> _INFORMATION SUPPLIED_

══════════════════════════════

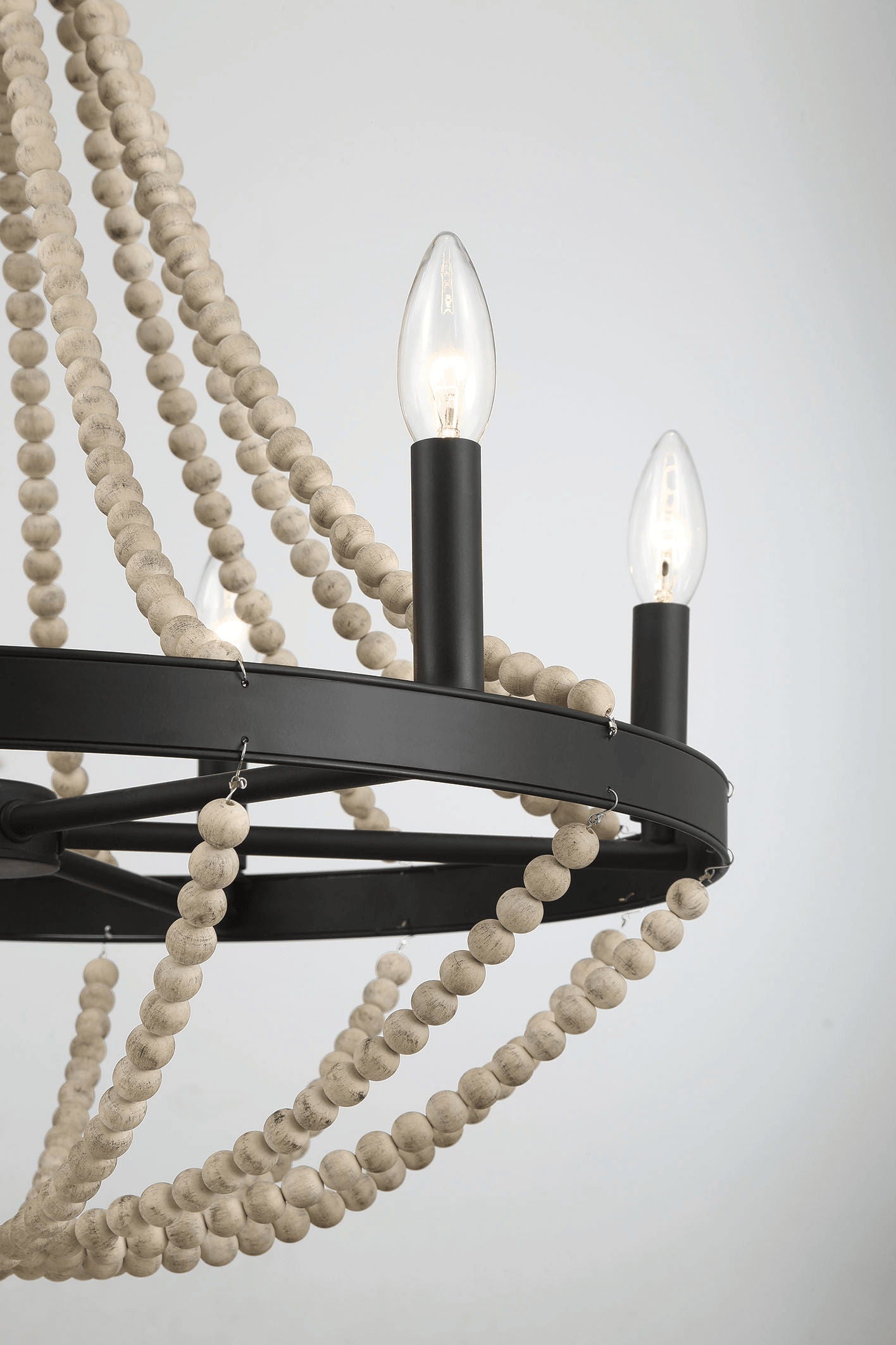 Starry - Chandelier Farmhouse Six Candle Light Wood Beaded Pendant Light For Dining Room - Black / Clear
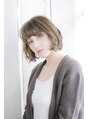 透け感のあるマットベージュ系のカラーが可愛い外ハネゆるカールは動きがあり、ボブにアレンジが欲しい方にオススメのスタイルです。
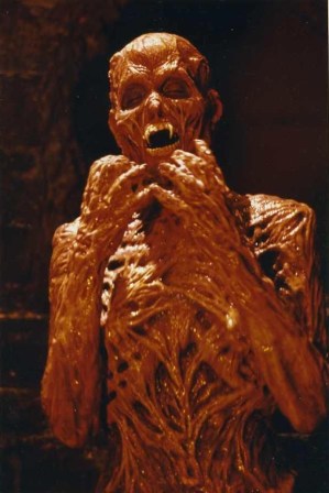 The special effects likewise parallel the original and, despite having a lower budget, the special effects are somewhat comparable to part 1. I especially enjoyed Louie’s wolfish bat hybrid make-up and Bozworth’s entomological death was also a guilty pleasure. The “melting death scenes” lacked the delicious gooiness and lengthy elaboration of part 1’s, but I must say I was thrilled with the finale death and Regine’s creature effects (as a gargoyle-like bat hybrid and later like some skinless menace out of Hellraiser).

══════════════════════════════

> _PROBLEM_
Every line above should be returned word for word, with the pictures left behind.

> _FINAL ANSWER_
 Starry - Chandelier Farmhouse Six Candle Light Wood Beaded Pendant Light For Dining Room - Black / Clear
 透け感のあるマットベージュ系のカラーが可愛い外ハネゆるカールは動きがあり、ボブにアレンジが欲しい方にオススメのスタイルです。
 The special effects likewise parallel the original and, despite having a lower budget, the special effects are somewhat comparable to part 1. I especially enjoyed Louie’s wolfish bat hybrid make-up and Bozworth’s entomological death was also a guilty pleasure. The “melting death scenes” lacked the delicious gooiness and lengthy elaboration of part 1’s, but I must say I was thrilled with the finale death and Regine’s creature effects (as a gargoyle-like bat hybrid and later like some skinless menace out of Hellraiser).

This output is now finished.